Monday, March 7, 2011

Shiva, Rabindranath Tagore, and Satyajit Ray

-by Keith Adams (Composer)

Happy belated Maha Shivaratri!

Thursday evening, at the Kali Temple in Burtonsville, MD,
I celebrated the annual Hindu festival, Maha Shivaratri (The Great Night of Shiva),
with my friends by 
watching devotees pour milk over a linga,
honor the Lord Shiva through offerings, songs, and prayers,  

and receive their tripundras: three lines of ash across each forehead.

As the ash (vibhuti)
 is a remnant of a physical deconstruction,
[and the product of a consecrated fire (homa
symbolic of the sun burning in eternal heat,
illuminating the universe in penance for God]

the tripundra is a physical sign of one's spiritual bonds with Shiva--
a reminder of the transitory nature of the material and the eternal purity of divinity.
These three lines represent the states, concepts, or actions called anava, karma, and maya
that one finds in spiritual knowledge, purity, and penance.

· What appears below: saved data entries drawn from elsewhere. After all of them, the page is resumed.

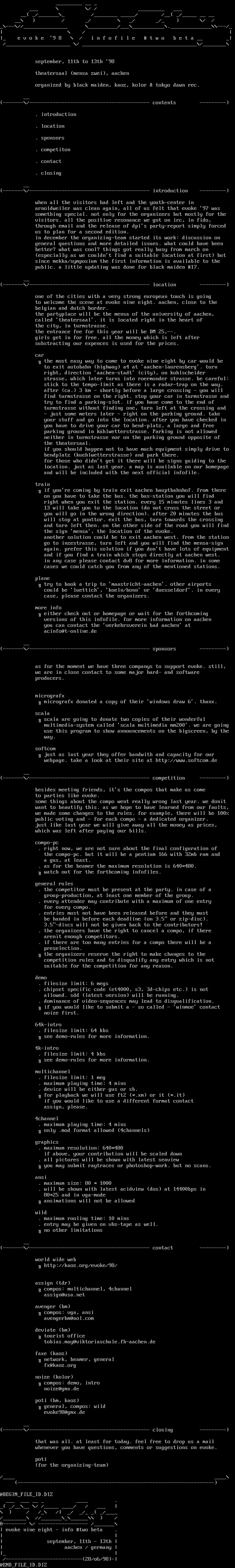 e v o k e 9 8 / i n f o f i l e t w o b e t a
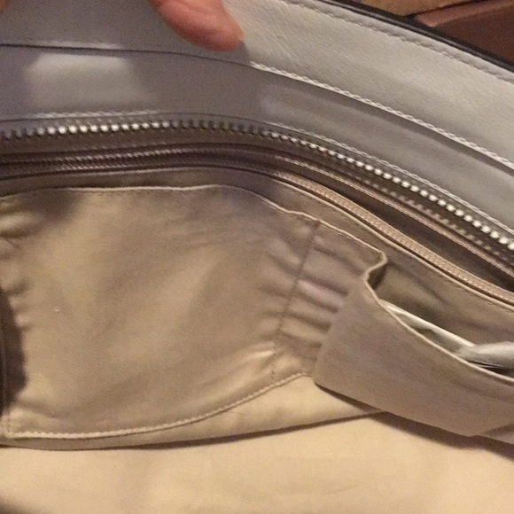 Like new Legacy tote. Roomy interior. Two Inside zipper pockets. Large zipper pocket on back. Color is bright white. Deep purple tag and tassels. A great addition to your closet. Wallet isno longer available. Free beauty gift/samples when you purchase from my closet!
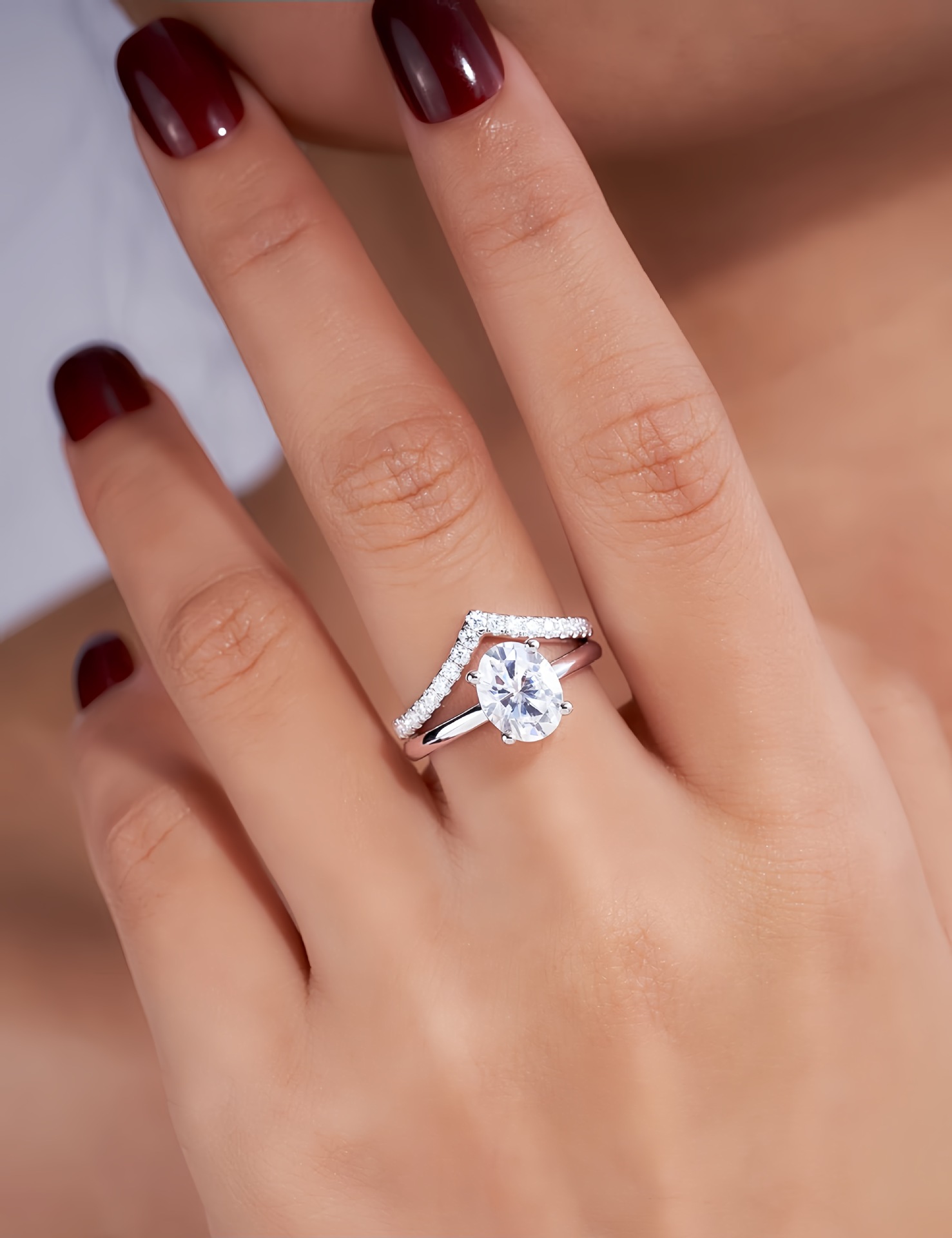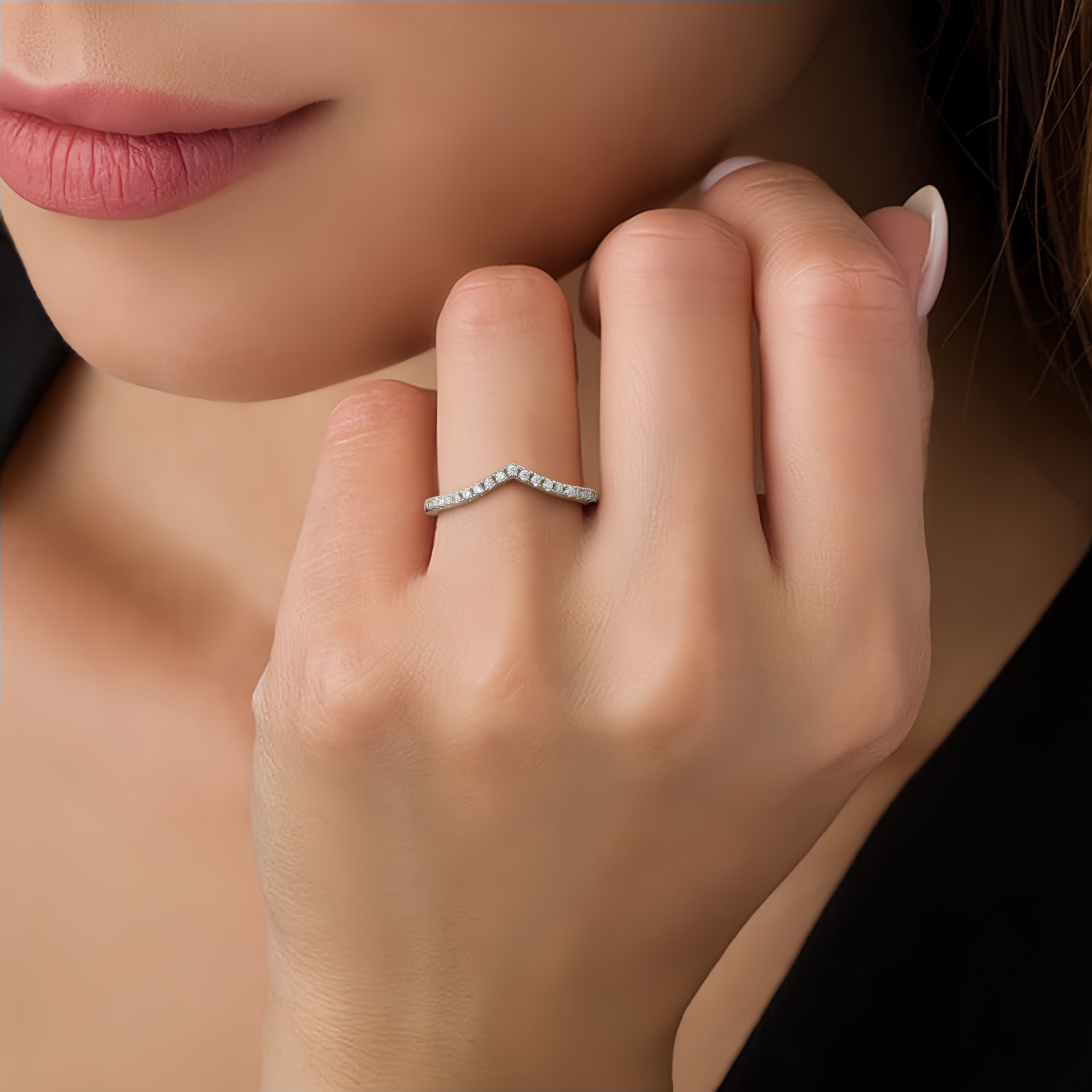 跨境亚马逊爆款超闪镶钻V形排戒简约时尚设计感高级轻奢潮流戒指

A sanyasi's goal is to reach these bonds through spiritual liberation
by dedicating his entire life
to detachment from the physical and
to unify himself with the eternal divine: 


"The stars, like sparks of fire, flown from the anvil of time, are extinct;
and that joy is mine which comes to the God Shiva, when, after aeons of dream,
he wakes up to find himself alone in the heart of the infinite annihilation.
I am free, I am the great solitary One.
" (p.3)

Heavy.

Check out this informative documentary I found on the life of the playwright, Rabindranath Tagore.
It was made by one of my favorite, and certainly one of the best Indian film directors ever: Satyajit Ray.

http://vimeo.com/3838865

Also, I've gathered, especially from here, that Sanyasi is an obscure reworking of one of Tagore's more widely known Bengali works, Prakritri Pratisodh (Nature's Revenge), which he had written when he was only 22 years old. In 1917, while living in England at the polished age of 56, Tagore completely reconstructed Nature's Revenge into English as Sanyasi. So, as we read Sanyasi, we are experiencing Tagore's intended language and his experienced revisions of a play that he valued so much in his memoirs: "This Nature’s Revenge may be looked upon as an introduction to the whole of my future literary work; or, rather this has been the subject on which all my writings have dwelt—­the joy of attaining the Infinite within the finite."